COTTLE, GEORGE WASHINGTON
COTTLE, GEORGE WASHINGTON (1811–1836). George Washington Cottle, early Texas colonist and Alamo defender, son of Jonathan and Margaret Cottle, may have been born in Tennessee or in Hurricane Township, Missouri, in 1811. His parents came to Texas on July 6, 1829, to settle in Green DeWitt's colony on the Lavaca River. He married his first cousin, Eliza Cottle, on November 7, 1830, but the marriage was annulled on October 7, 1831. They had one daughter. Cottle received a league of land at the headwaters of the Lavaca River near Gonzales on September 12, 1832. Records indicate that on January 4, 1835, he married Nancy Curtis Oliver. They had twin sons, born after Cottle's death.
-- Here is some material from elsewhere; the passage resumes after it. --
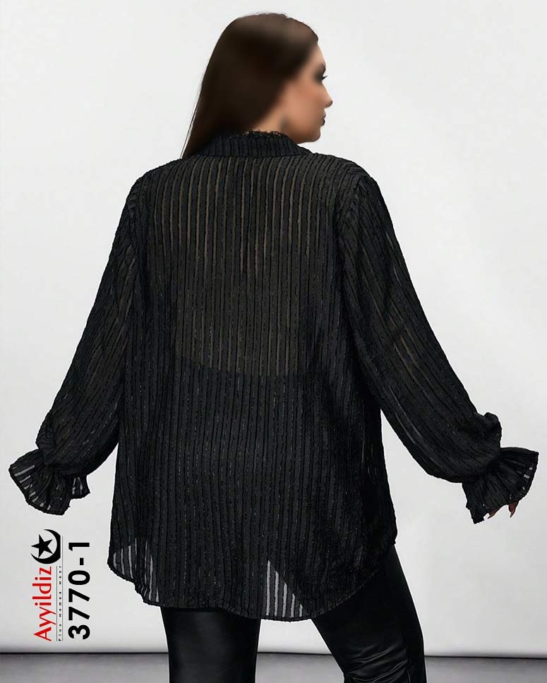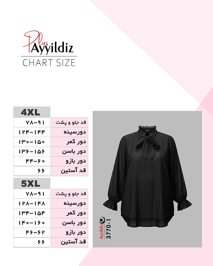 دوخت و کیفیت تضمینی تنخور عالی. سایز ۴ مناسب ۴۴ تا ۴۸ و سایز ۵ مناسب ۵۰ تا ۵۶. جنس گیپور برجسته رنگ مشکی.

When Mexican troops arrived south of Gonzales in September 1835, Cottle was one of the messengers sent to gather reinforcements. He returned to fight in the battle of Gonzales on October 2. In February 1836 he lent a yoke of oxen to Capt. Mathew Caldwell's company. He enlisted in the Gonzales Company under Lt. George C. Kimbell on February 24 and rode with thirty-two others to the Alamo on March 1. Cottle was killed on March 6, 1836, at the battle of the Alamo, alongside his brother-in-law, Thomas Jacksonqv. Cottle County was named for him.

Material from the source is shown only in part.